- The Washington Times - Monday, June 10, 2002

LONDON Prime Minister Tony Blair's much-ballyhooed "Third Way" of progressive politics has run into a rocky stretch, and the British leader is turning to his old pal and ally, former U.S. President Bill Clinton, to help get it back on track.
Mr. Clinton was meeting with Mr. Blair and other representatives of Europe's center left over the weekend at a secret location in England's sedate countryside. What they were searching for was a way to counter the growing power of the far right both on the Continent and in Britain.
The "Third Way" is the route that Mr. Blair and his reconfigured New Labor party took to gain power in 1997, ending 18 years in the political wilderness.
Essentially, the "Third Way" espouses principles such as stable management and economic prudence, with the government concentrating on basic issues such as education and training.
As one political analyst put it, this philosophy became a "beacon" for left-of-center parties around Europe, all of whom had "similar baggage to shed" heavy-handed "statism," domination by "dinosaur" trade union leaders, tax-and-spend policies that only created new problems and an inflexibility in dealing with them.
For Mr.
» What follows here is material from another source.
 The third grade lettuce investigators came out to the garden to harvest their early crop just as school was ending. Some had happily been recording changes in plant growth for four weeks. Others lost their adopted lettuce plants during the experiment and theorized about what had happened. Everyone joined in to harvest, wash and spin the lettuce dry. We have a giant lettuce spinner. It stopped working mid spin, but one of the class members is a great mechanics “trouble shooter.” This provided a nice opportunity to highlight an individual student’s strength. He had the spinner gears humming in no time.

Blair, what the "Third Way" became was a "magic carpet" for catapulting his left-wing Laborites into power, presenting them as business-friendly, tough on crime and reluctant to tax and spend. In 1997, he won by a landslide.
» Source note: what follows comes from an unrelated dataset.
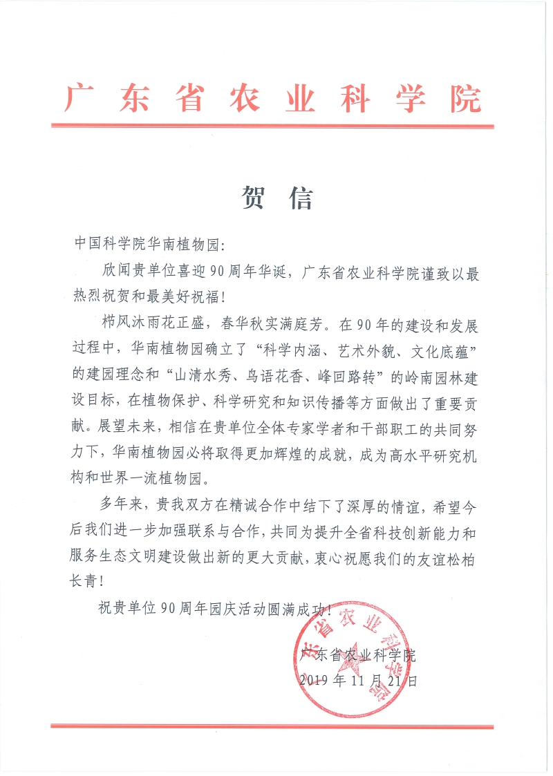 广东省农业科学院发来贺信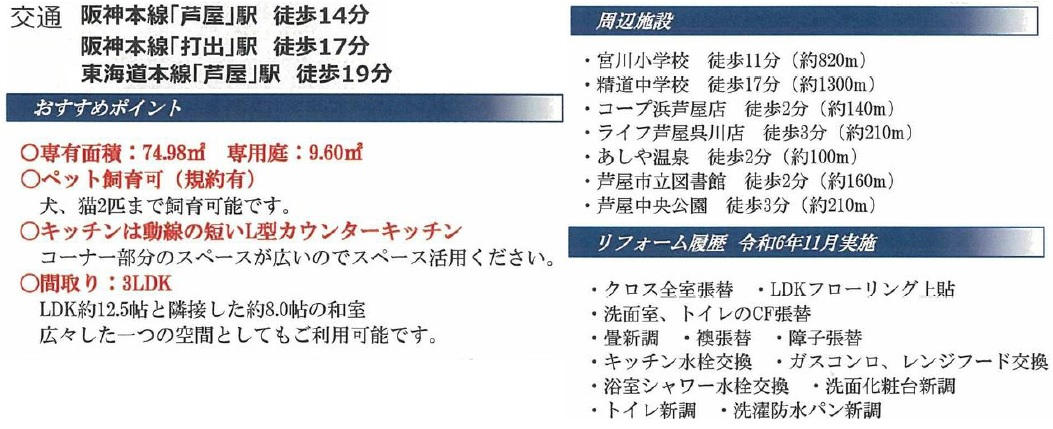 ◆専有面積74.98㎡の3LDKです ◆LDKは約12.5帖あり/全居室に窓あり/西側に専用庭あり ◆2024年11月リフォーム済:ガスコンロ・レンジフード・キッチン水栓交換/浴室シャワー水栓交換/洗面化粧台交換/洗濯パン交換/トイレ交換(温水洗浄便座付)/フローリング上貼/クロス全室張替/CF張替/トイレのCF貼替/畳・襖・障子交換/等 ◆ペット2匹まで飼育可(規約あり) ◆阪神「芦屋駅」徒歩12分/JR{芦屋駅」徒歩15分/JR「芦屋駅」へバス7分「呉川町」バス停まで徒歩3分 ◆コープ浜芦屋・徒歩2分/芦屋市立図書館・徒歩2分/ライフ芦屋呉川町店・徒歩3分/セブンイレブン芦屋呉川町店・徒歩3分/芦屋中央公園・徒歩3分 |

But much of the wind has gone out of the "Third Way." In Britain, crime is soaring and the prison population has risen to record levels. The government has resumed increasing taxes to rescue a dilapidated health service. The railroad network has deteriorated to the point where it is described as the worst in Europe.
Another major problem for the "Third Way" and a key reason for the West Country meeting at a stately home in England is that its benign philosophy of caring has run squarely up against the major headache of immigration, legal and illegal, across Europe.
That is the driving force behind the rise of far-right parties in France, Denmark, the Netherlands and Austria, as well as some striking local election victories by the anti-immigrant British National Party.
Center-left leaders from across Europe were invited to the England conference, which was expected to last three days. But political sources said German Chancellor Gerhard Schroeder, who is trailing in his bid for re-election this year, would be absent. So would Lionel Jospin, who lost in the recent French presidential elections.
Insiders said delegates from several European socialist governments were on hand, along with representatives from the U.S. Democratic Party and Mr. Blair's own government and ruling Labor Party.
The key is Mr. Clinton, who despite Tony Blair's well-publicized success with it, is himself the father of the "Third Way." Mr. Clinton first sketched out the concept in a State of the Union address where he spoke of moving beyond a debate in which the government was either the enemy or the answer.
Mr. Blair embraced the concept days later in outlining the four basic values of equal worth, opportunity for all, responsibility and community. The "Third Way," he insisted "is not an attempt to split the difference between right and left. It is about traditional values in a changed world."
The British leader and the ex-president share something of a mutual admiration society. "I am a great admirer of Tony," Mr. Clinton said last year. "He and I will be friends for life." Mr. Blair has been equally effusive regarding Mr. Clinton.